What Bill Is Thomas Jefferson On?

Jefferson's Family History

Thomas Jefferson was born April 13, 1743, in Albemarle County, Virginia, to Peter and Jane Randolph Jefferson. Jefferson came from one of the first families of Virginia through his mother's side. His father was a very prominent landowner, although not necessarily wealthy. Jefferson inherited some of his father's land, where he built a mansion that he and his wife moved into when they married on January 1, 1772. Together they had six children, but only two survived into adulthood: Martha Washington Jefferson and Mary Jefferson. The other four died within the first three years of life, which was common back then because of the lack of health care today.

Monticello, Jefferson's Childhood Home

Today, Jefferson left behind his mansion, named Monticello, which lies on a massive plantation with a beautiful landscape that you can visit today. You can learn even more about this founding father's history and his use of enslaved people on his plantation, where descendants of those enslaved have shared their stories. Despite stating in the Declaration of Independence, "all men are created equal," he enslaved over 600 men and women in his life. Ironically he made legislatures against slavery and stated that slavery was "moral depravity" and a "hideous blot."

There were five men who helped author the Declaration of Independence, although Jefferson is often credited as being the Father of the Declration of Independence.

There were five men who helped author the Declaration of Independence, although Jefferson is often credited as being the Father of the Declration of Independence.

The History of the Declaration of Independence

Five men were chosen to write the Declaration of Independence; Jefferson stood apart from the rest. He was elected to head the committee for writing the Declaration of Independence. He wrote the majority of it, which earned him the title Father of the Declaration of Independence.

He was officially elected as head of the committee on June 11, 1776, and the Declaration of Independence was finished less than a month later. John Adams was one of the men assigned to help him with the Declaration of Independence. He also preceded Jefferson as President. Benjamin Franklin amended the original draft. Then Congress edited it for style and substance. Two main items were deleted from Jefferson's initial draft. One was a statement that colonists could have voluntary allegiance to the crown. The new Americans did not want this in the draft. They wanted to be as separate from England as possible, which would have contradicted the American desire to be independent. The other item lost was a clause that could have censored England, which they referred to as the home country back then, from forcing slavery in America.


Thomas Jefferson originally ran for president right after George Washington but lost the race to Adams. The race was very tight, and Adams won with 71 electoral votes, whereas Jefferson had 68 electoral votes. Because Thomas Jefferson had the second most votes, he served as vice-president, which was a tradition in America's early years, but now the President chooses his vice-president.

Four years later, Jefferson and Adams ran again against each other. This time Jefferson won and became our third president.

In his inaugural address, Jefferson discussed his desire to have the United States spread into the Louisiana Territory. During this time, Spain owned the Territory.

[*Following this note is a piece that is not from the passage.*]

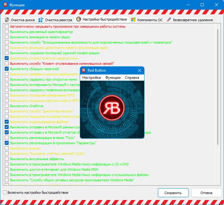 Red Button 5.96 + Portable – это комплексная утилита для оптимизации, очистки и тонкой настройки операционных систем Windows. Программа предназначена для повышения производительности, безопасности и удобства работы с компьютером.

He was true to his word, and the United States purchased the Louisiana Territory, doubling the country in size. Jefferson sent Meriwether Lewis and William Clark on an expedition to explore the land.

Jefferson dreamed of eliminating the national debt during his presidency because he felt it was a "cesspool for corruption." He thought that the country did not have to get into debt to be able to have foreign credit. He would be very discouraged to learn where our National debt is today.

Basic Facts

Question Answer


April 13, 1743 - Virginia

President Number




Military Service


Wars Served


Age at Beginning of Presidency

58 years old

Term of Office

March 4, 1801 - March 3, 1809

How Long President

8 years


Aaron Burr (1801–1805) George Clinton (1805–1809)

Age and Year of Death

July 4, 1826 (aged 83)

Cause of Death

failing health due to rheumatism, urinary, and digestive issues

Scroll to Continue

Read More From Owlcation

History of the University of Virginia

Although many would state that the Presidency was Thomas Jefferson's greatest claim to fame, it was not what Jefferson prided himself on. He felt his greatest achievement was not only dreaming up but also planning and building the University of Virginia. He was involved in all facets of its construction, whether supervising the construction workers or planning the curriculum and hiring the staff. The university was finished and opened years after his Presidency and still resides today in Charlottesville, Virginia. It was founded in 1819 but did not open for classes until 1825, the year before Jefferson's death. Its first group of students was a class of 68 students with eight faculty members to educate them.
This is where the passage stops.